Longmont staff presented the 2026 transportation capital program at the Sept. 16 council study session, highlighting projects intended to improve multimodal connectivity and safety while addressing aging assets. Engineering and transportation staff told council the 2026 program emphasizes three priorities: safety, multimodal access and asset management.
Key projects discussed: the Kaufman Street extension and First & Main transit station area, a public–private project that includes a transit hub and parking garage and is on a 2027 construction timeline; the Boston Avenue to Price Road connection (planned for 2026), which staff said will include a new at-grade railroad crossing compliant with regulatory requirements and a traffic signal to serve future bus rapid transit; and railroad quiet-zone packages that would allow trains to pass through certain crossings without sounding horns once safety upgrades are complete. Staff also described the regular asphalt pavement management program and neighborhood-scale safety improvements.
Alden Jenkins, senior civil engineer, said the Boston-Price link “will be the primary access route for the future bus rapid transit that's going to be coming into Longmont in early 2028” and that staff hoped to put the project out to bid late in the year. Staff presented a 2026 construction timeline for several projects, including portions of Kaufman and the Pace Street improvements from Ninth to Seventeenth Avenue.

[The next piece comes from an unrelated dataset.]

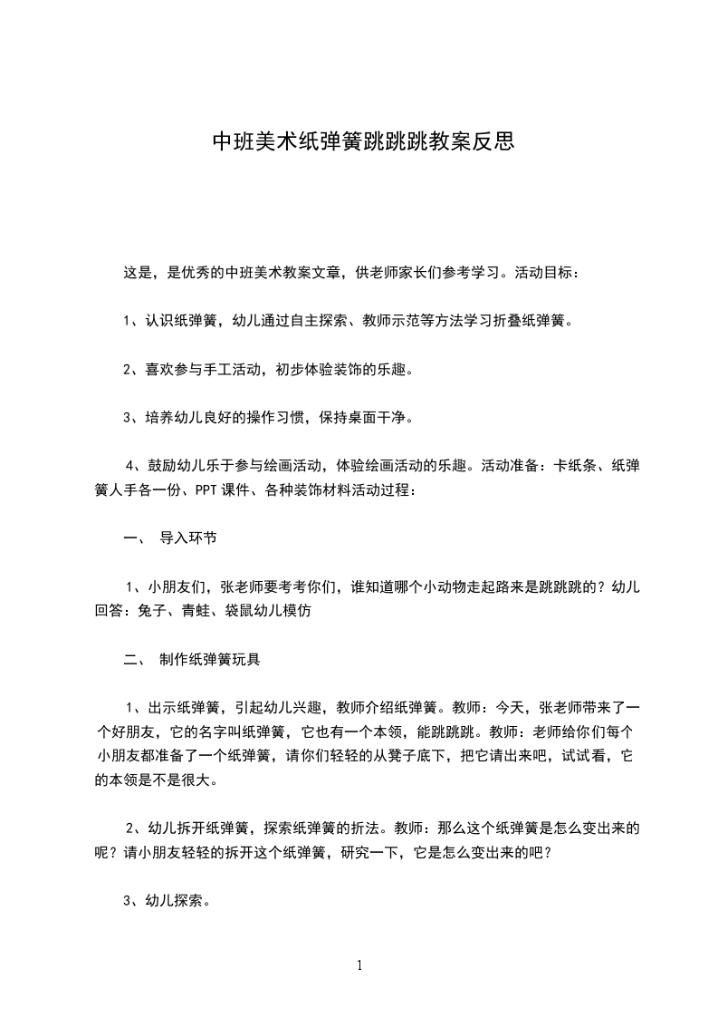 1、出示纸弹簧,引起幼儿兴趣,教师介绍纸弹簧。教师:今天,张老师带来了一个好朋友,它的名字叫纸弹簧,它也有一个本领,能跳跳跳。教师:老师给你们每个小朋友都准备了一个纸弹簧,请你们轻轻的从凳子底下,把它请出来吧,试试看,它的本领是不是很大。

Why this matters: Transportation CIP choices shape how people walk, bike, drive and take transit in Longmont and affect nearby neighborhoods during construction. Projects linked to bus rapid transit and a transit hub are intended to support regional transit service.
What to watch for next: Design completion, property acquisition milestones and bid packages; staff indicated construction timing for several projects in 2026 and 2027 and showed the quiet-zone packages staged across multiple years.